February 15th, 2007 by Andrew

Lately the server that hosts this site has been having some issues. It all started in January, when I started receiving kernel errors in my daily logwatch emails from the server. All the errors were pointing to a hard drive failure:

WARNING:  Kernel Errors Present
Buffer I/O error on device hda, l ...:  4 Time(s)end_request: I/O error, dev
hda, sector ...:  4 Time(s)
hda: dma_intr: error=0x10 { SectorIdN ...:  4 Time(s)
hda: dma_intr: status=0x51 { DriveReady SeekComplete Error } ...:  4 Time(s)
hda: task_in_intr: error=0x10 { SectorIdN ...:  32 Time(s)
hda: task_in_intr: status=0x59 { DriveReady SeekComplete DataRequest Error } ...:  32 Time(s)

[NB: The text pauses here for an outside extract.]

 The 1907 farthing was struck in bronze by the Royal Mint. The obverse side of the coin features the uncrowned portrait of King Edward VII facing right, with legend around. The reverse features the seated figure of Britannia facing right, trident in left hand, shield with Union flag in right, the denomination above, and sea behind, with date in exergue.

Those are definitely hard drive problems, right? Well, not exactly. I replaced the hard drive with a working one by copying it bit for bit, using the linux command ‘dd’. I swapped out the cables, and booted up using the new drive. Everything was fine for a day or two, then I started getting those annoying kernel errors again. Wait a second… I just put in a new hard drive, I couldn’t possibly be getting the same exact errors. Could it be that some of the OS files had been corrupted by the failing drive and weren’t copied over correctly?

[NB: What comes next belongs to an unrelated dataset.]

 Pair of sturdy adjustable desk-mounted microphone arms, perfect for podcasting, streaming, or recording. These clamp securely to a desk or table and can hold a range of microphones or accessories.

Here’s where I took drastic measures. Rather than trying to keep the same server setup, I decided to install Ubuntu and copy just the old files. Previously I had been using Fedora Core, and I loved it, but Ubuntu seems to be my new favorite Linux OS. Anyway, since I still had the old “broken” drive lying around, so I wiped the new drive, installed Ubuntu, mounted the old drive, and copied the necessary files. There’s nothing like a freshly installed Linux distribution.

I let the server run overnight with the new OS, just to make sure everything would be OK. Hoping for the best, I checked it the next morning. Well, everything wasn’t OK. I was getting hard drive errors again! Despite the fact that hard drives are the most likely piece of equipment to fail on my computer, I just couldn’t accept the fact that I had two failing drives of completely different makes. I decided now that it had to be something else that was causing my hard drive to appear to fail.

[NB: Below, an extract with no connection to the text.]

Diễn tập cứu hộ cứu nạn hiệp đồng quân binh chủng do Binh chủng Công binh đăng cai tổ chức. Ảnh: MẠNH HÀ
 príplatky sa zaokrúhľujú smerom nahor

Last summer I had experienced some fun with my desktop computer’s motherboard and its failing capacitors which I eventually replaced (all 20-something) myself. The strange power interruptions from the failing capacitors had caused it to appear that the memory was going bad. Since I knew that power supply problems could cause memory to appear bad, why couldn’t they also make hard drives appear bad?

Just to be sure that it wasn’t bad memory, I ran a memory check on the server for a whole day. The memory passed every single test 9 times I think, and there were absolutely no problems. After a quick visual inspection of the server’s motherboard capacitors, I only had one option left that could be the root of all my problems: the power supply.

I just happened to have a spare power supply sitting in an empty case across my room, so I quickly unplugged all the connectors, swapped it out, and left it running overnight again. The next morning I found absolutely no errors messages about anything failing. Finally, the server is back to normal. Well, as normal as it can be with using a new power supply, new hard drive, and a new operating system.